Ben Price (born 30 June 1971) is an English actor. He has played the role of Nick Tilsley in the ITV soap opera Coronation Street and has made four films as a writer/director, the first of which, I'm Sorry To Tell You, was BAFTA-shortlisted.

==Early life==
Price grew up in Newcastle upon Tyne, where he attended Gosforth East Middle School and Gosforth High School before taking acting classes at the Live Theatre. He then attended London's Drama Centre and graduated from the Central School of Speech and Drama in 1996.

==Career==
Price started his career at the Manchester Royal Exchange, and went on to appear at the Bush in London, the Gate in Dublin and Sheffield Crucible among others.

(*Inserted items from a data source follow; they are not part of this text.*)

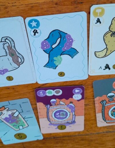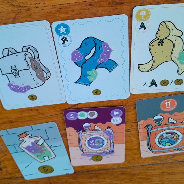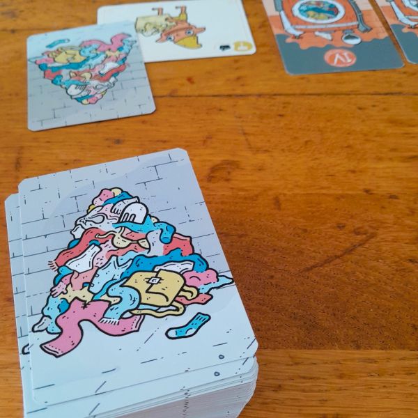 Although I think Goblin Laundromat is suitable for everyone, it is not a ‘simple’ game; in the sense that it has many fun elements. The drafting is a fun mechanism, but especially the card you are dealt at the end makes it extra fun. The same goes for the fact that your unwashed clothes are left in the laundry basket for your next wash. All those purple stains you thought you washed away in round 3 are great fun, but in round 4 you suddenly find you have a green washing machine…
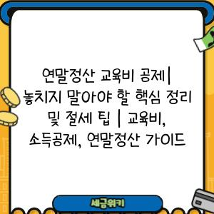 연말정산 교육비 공제| 놓치지 말아야 할 핵심 정리 및 절세 팁 | 교육비, 소득공제, 연말정산 가이드
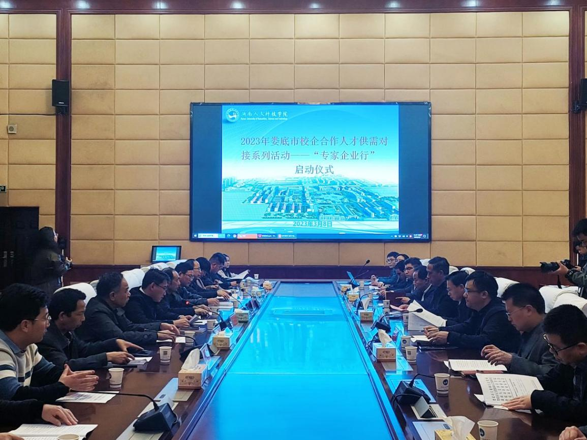 2023年3月8日,2023年婁底市校企合作人才供需對接“專家企業(yè)行”活動啟動儀式在湖南人文科技學(xué)院舉行。湖南人文科技學(xué)院黨委副書記、校長劉鐵銘,婁底市人民政府原副市長、婁底市企業(yè)聯(lián)合會、企業(yè)家協(xié)會會長余明庭,市工信局黨組成員、副局長肖鑒亮,市企業(yè)聯(lián)合會、企業(yè)家協(xié)會常務(wù)副會長劉福高,參與“專家企業(yè)行”的專家教授等出席啟動儀式。
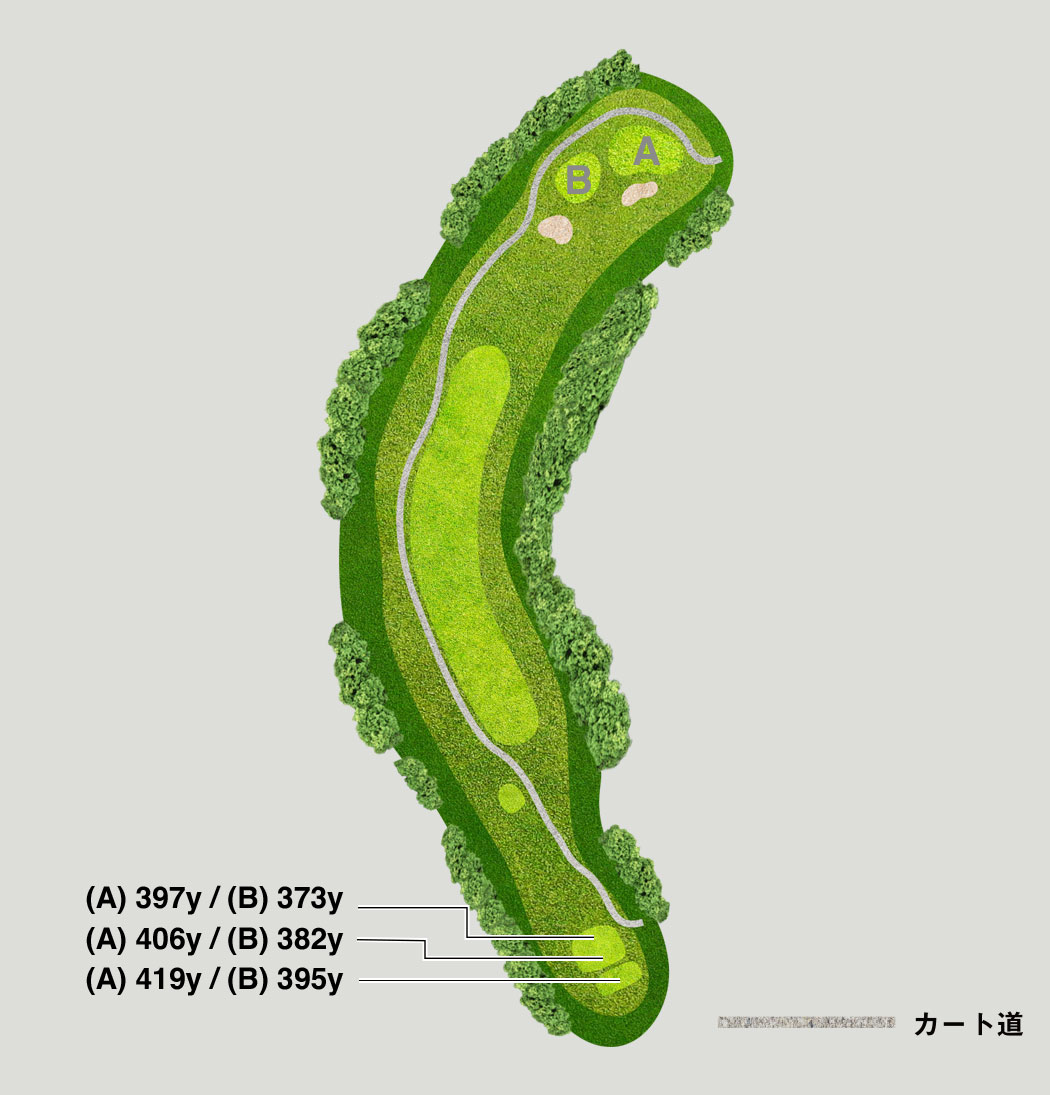 セカンドショットは打ち下ろし。右は1ペナのため、注意して打ちましょう。
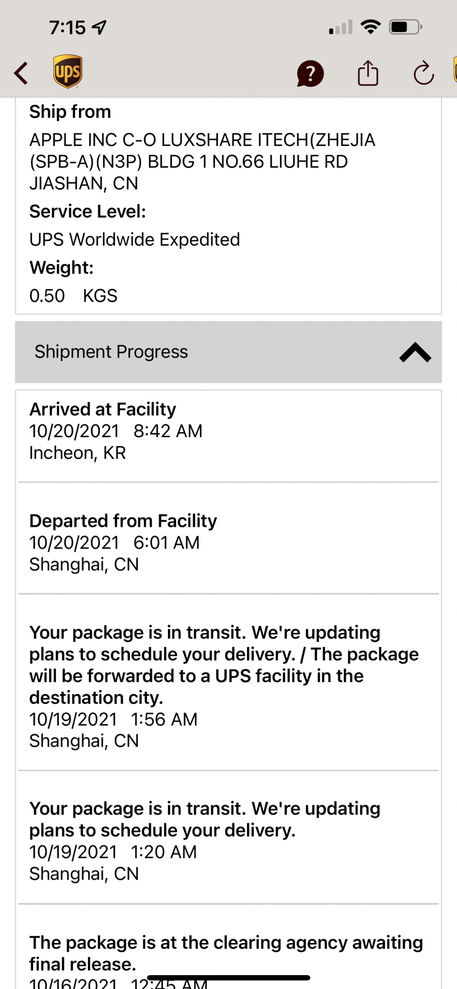 Well an update I (we?) left Shanghai two hours ago. Only flights close was a actual UPS flight that landed in Korea a short time ago but no scans to indicate that my guess is correct.Congratulations! Glad you got an update from UPS. Next time get yourself an express shipping![]()
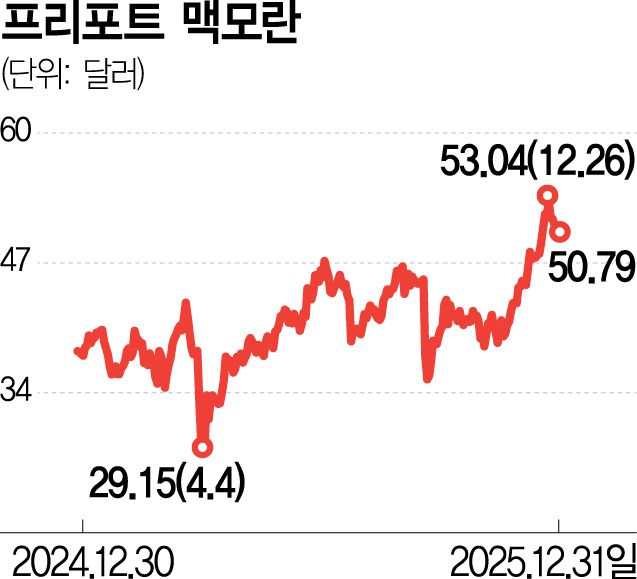 지난달 30일 기준 금 선물 가격은 온스당 4339달러로 작년 한 해 동안 65% 상승했고, 은 가격은 같은 기간 158% 급등했다. 구리 3개월물 선물 가격 역시 연초 대비 43.2% 오르며 강한 상승세를 이어왔다. 프리포트 맥모란의 주가는 지난 한 해 동안 약 37% 상승했으며, 상승분은 대체로 연말에 집중됐다. 구리 가격 반등과 맞물려 실적 기대감이 빠르게 반영된 결과로 풀이된다.
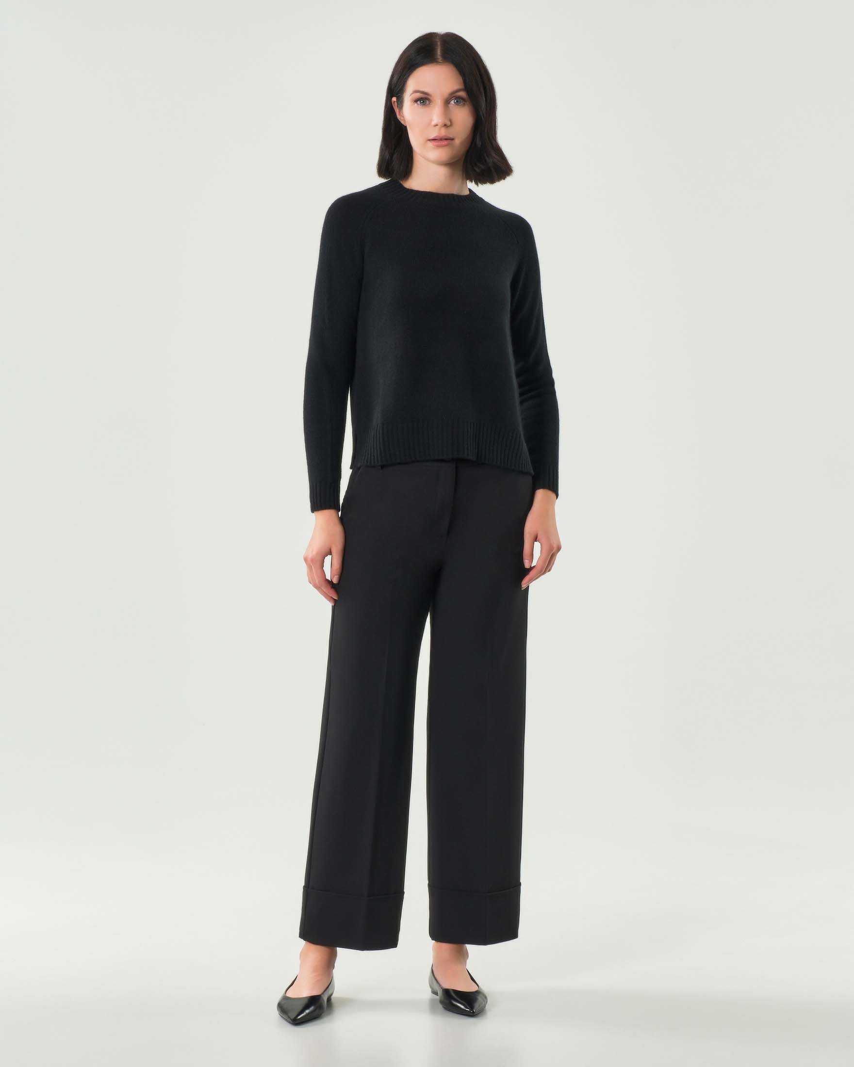Pantaloni neri alla caviglia Emme Marella con risvolto al fondo
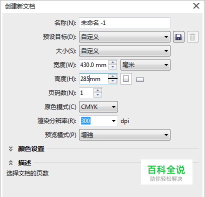 1.新建一文档 宽430mm 高度285mm 颜色模式:cmyk;分辨率 300 设置完点确定。
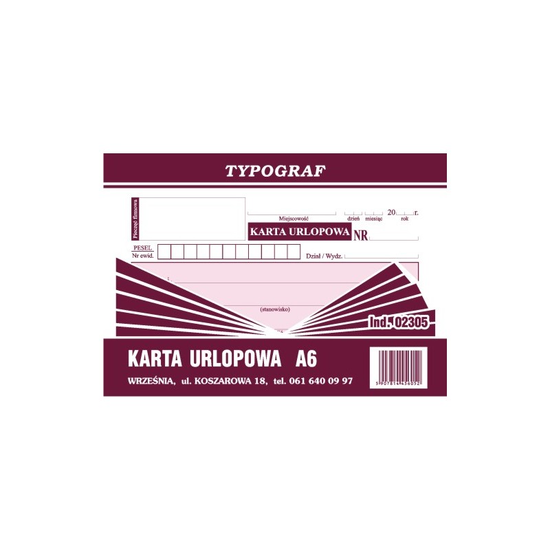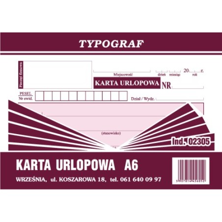 KARTA URLOPOWA A6 TYPOGRAF OFF 02305
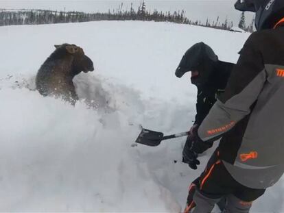 El rescate de un alce atrapado hasta el cuello en la nieve
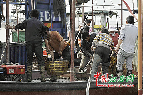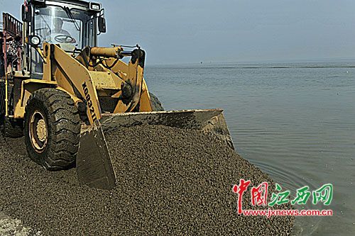 每年3月20日至6月20日,是鄱阳湖的禁渔期。5月19日上午9时许,都昌县城鄱阳湖码头停放着两辆大货车,车上散装着半车的螺蛳。这两辆车是都昌县渔政局的执法人员前一天晚上上路检查时拦截下来的,车上装载的螺蛳均在10吨之上。到下午4时,在渔政执法人员耐心说服之下,两名司机才极不情愿地将车上的螺蛳缷下,并雇请码头的铲车将螺蛳推入鄱阳湖中。

He made his first appearance on television, in a 1996 episode of Casualty, before guest roles in Soldier Soldier, Heartbeat, Peak Practice, and an episode of the Australian soap opera, Home and Away, in 1998, when the show filmed a storyline in the United Kingdom.

After starring in Wire in the Blood, he played Conrad Gates, captain of Earl's Park football team and England, in the British television series Footballers' Wives. After leaving the show at the end of the fourth series, he went on to appear in Dancing at Lughnassa at the Gate theatre, Dublin.

He co-stars in the horror film Blood Trails, which won the audience award for best feature at the Dead by Dawn International Horror Film Festival 2006 in Edinburgh.

He returned to Casualty and starred as corporate director Nathan Spencer between 2005 and 2007, and was recently voted one of the ten actors most likely to succeed in Hollywood by Stage and Screen magazine. Price appeared on the July 2006 cover of Out magazine.

In 2009 he appeared in the third season of showtimes hit show The Tudors, playing the martyr John Lambert.

Price joined Coronation Street as Nick Tilsley in 2009. He began filming on 19 October 2009 and was seen on screen for the first time on 21 December 2009.

Ben's first 4 films have played at over 60 International Film festivals, 25 of which were BAFTA- or Academy-qualifying. His first short, "I'm Sorry To Tell You", was shortlisted at BAFTA and is distributed worldwide by Shorts International. His second film, "Taubman", was shown at the Oscar-qualifying Athens Film Festival, opened the Manchester film festival and was shown as part of a special section at the BAFTA qualifying Jewish Film Festival. His latest film, “Hope Dies Last”, is part of the British Film Council short support scheme. BAFTA- and Oscar-qualified, it is currently touring the international festival circuit. In 2020 he filmed "3 Minutes of Silence" funded by the BFI and starring Bella Ramsey and Molly Wright. It's gone onto International recognition and has formed the basis for a Feature Film funded by the BFI.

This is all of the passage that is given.